STF garante exercício provisório de cônjuges de servidores do MRE no exterior

29/11/2021

Categoria: Notícia

Foto STF garante exercício provisório de cônjuges de servidores do MRE no exterior

O Supremo Tribunal Federal (STF) decidiu nesta quinta-feira (11), por unanimidade, que servidores cônjuges de diplomatas transferidos para o exterior podem trabalhar provisoriamente nos postos e repartições do Ministério das Relações Exteriores.

Isso significa, por exemplo, que um servidor do Ministério da Saúde, cônjuge de um diplomata transferido para a embaixada do Brasil nos EUA ou na China, poderá prestar serviços a essa embaixada também — e continuar a receber salário — desde que exista ali cargo compatível com o exercido por ele no Brasil.

Hoje a lei prevê que, se esse cônjuge quiser acompanhar o marido ou mulher transferido pelo Itamaraty ao exterior, precisa se licenciar do cargo e ficar sem salários durante o afastamento.

Além de embaixadores, a decisão vale para servidores que sejam cônjuges e companheiros de oficiais e assistentes de chancelaria. Caberá ao MRE regulamentar o exercício.

Discriminação

O exercício provisório é previsto no Regime Jurídico dos Servidores Públicos Civis da União e é garantido nos casos em que o cônjuge, também servidor, é transferido para outra localidade. E também desde que exista na nova localidade cargo compatível.

Entretanto, essa regra só valia nos casos de transferências dentro do Brasil. O artigo 69 da lei (11.440/2006) veda que isso ocorra nas unidades diplomáticas.

Essa vedação para os casos de transferências ao exterior foi questionada pela Procuradoria-Geral da República (PGR) em 2015. O plenário do STF entendeu que a proibição é desproporcional, gera discriminação e fere a proteção à família.

O julgamento teve início nesta quarta. Em seu voto, o presidente do STF, ministro Luiz Fux, relator da ação, afirmou que “não há qualquer razão para se discriminar, dentre os servidores públicos federais que sejam cônjuges e companheiros de outros servidores públicos federais, aqueles cujos respectivos pares são agentes do SEB [Serviço Exterior Brasileiro] lotados nas unidades administrativas do MRE no exterior”.

Segundo Fux, “o Estado não pode impor escolhas trágicas a quem pretende constituir família” e a lei cria obstáculo “muitas vezes invencível” à preservação do núcleo familiar, em razão dos elevados custos da mudança e da subsistência em outro país.

Para o ministro, sempre que for possível, deve-se compatibilizar os interesses da administração pública com a proteção constitucional da família.

“Isso torna ambas as carreiras mais atrativas, tanto a diplomática quanto o serviço público, o que pode resultar em mais e melhores candidatos disputando as já concorridas vagas”, disse.

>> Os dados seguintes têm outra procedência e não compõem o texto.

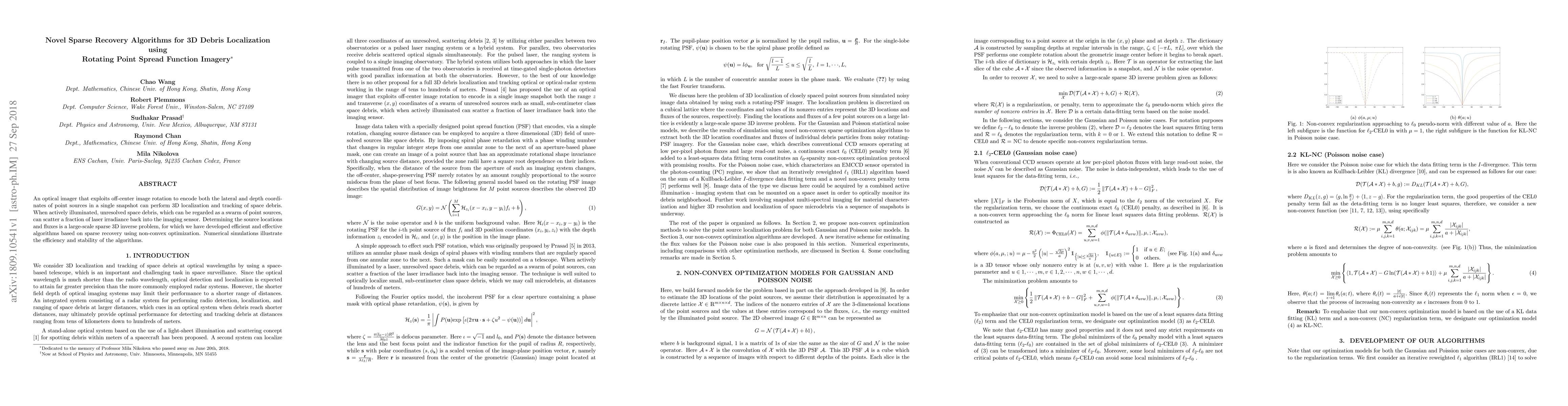 This paper presents novel sparse recovery algorithms for 3D localization of space debris using rotating point spread function imagery, leveraging non-convex optimization to solve the large-scale sparse inverse problem. Numerical simulations demonstrate the efficiency and stability of the proposed algorithms.
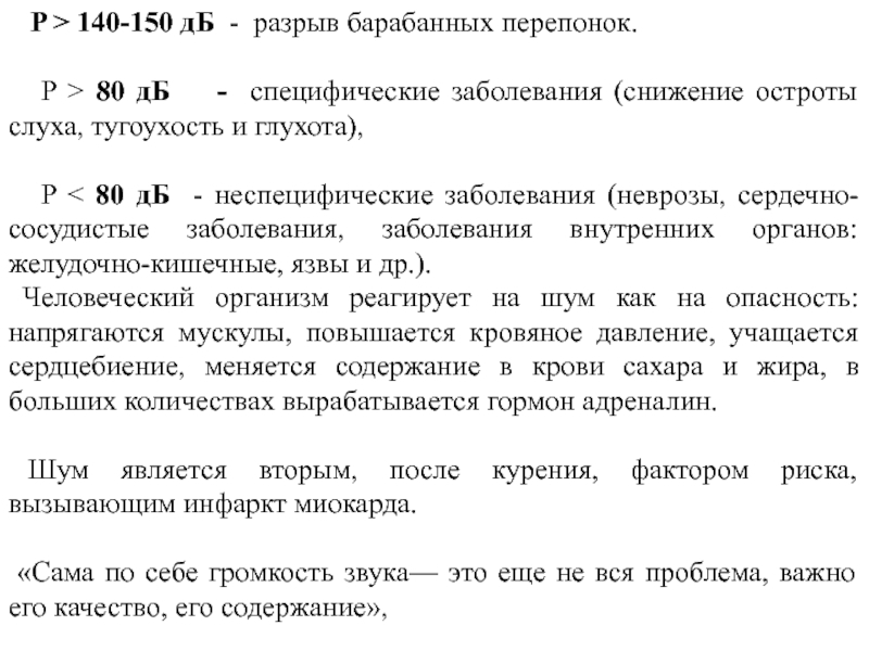 Слайд 11 P > 140-150 дБ - разрыв барабанных перепонок.

Supremo Tribunal Federal declara inconstitucional proibição de exercício provisório de cônjuges de servidores do Ministério das Relações Exteriores no exterior e permite que servidor público cônjuge ou companheiro de diplomata, oficial ou assistente de chancelaria pode trabalhar no exterior para o Itamaraty

A Procuradoria-Geral da República ingressou com ação no Supremo Tribunal Federal pedindo a inconstitucionalidade do artigo 69 do Regime Jurídico dos Servidores do Serviço Exterior Brasileiro (Lei 11.440/2006) que vedava a possibilidade de exercício provisório, em unidades administrativas do Ministério das Relações Exteriores (MRE) no exterior, de servidor público cônjuge de diplomata, oficial ou assistente de chancelaria.

O exercício provisório é previsto na Lei 8.112/90 como direito ao servidor cujo cônjuge ou companheiro(a), também servidor público, é transferido para outra localidade, desde que haja cargo compatível no novo destino.

O plenário do STF declarou, por unanimidade, inconstitucional a norma que vedava o exercício provisório de servidor público cônjuge de diplomata, oficial ou assistente de chancelaria.

O Ministro Fux, relator da ação, declarou: que "não há qualquer razão para se discriminar, dentre os servidores públicos federais que sejam cônjuges e companheiros de outros servidores públicos federais, aqueles cujos respectivos pares são agentes do SEB [Serviço Exterior Brasileiro] lotados nas unidades administrativas do MRE no exterior".

Em consequência disso, o servidor público que seja casado ou companheiro de servidor pertencente ao MRE que esteja à serviço no exterior, poderá trabalhar provisoriamente no exterior, recebendo salário, desde que haja cargo compatível com o exercido por ele no Brasil.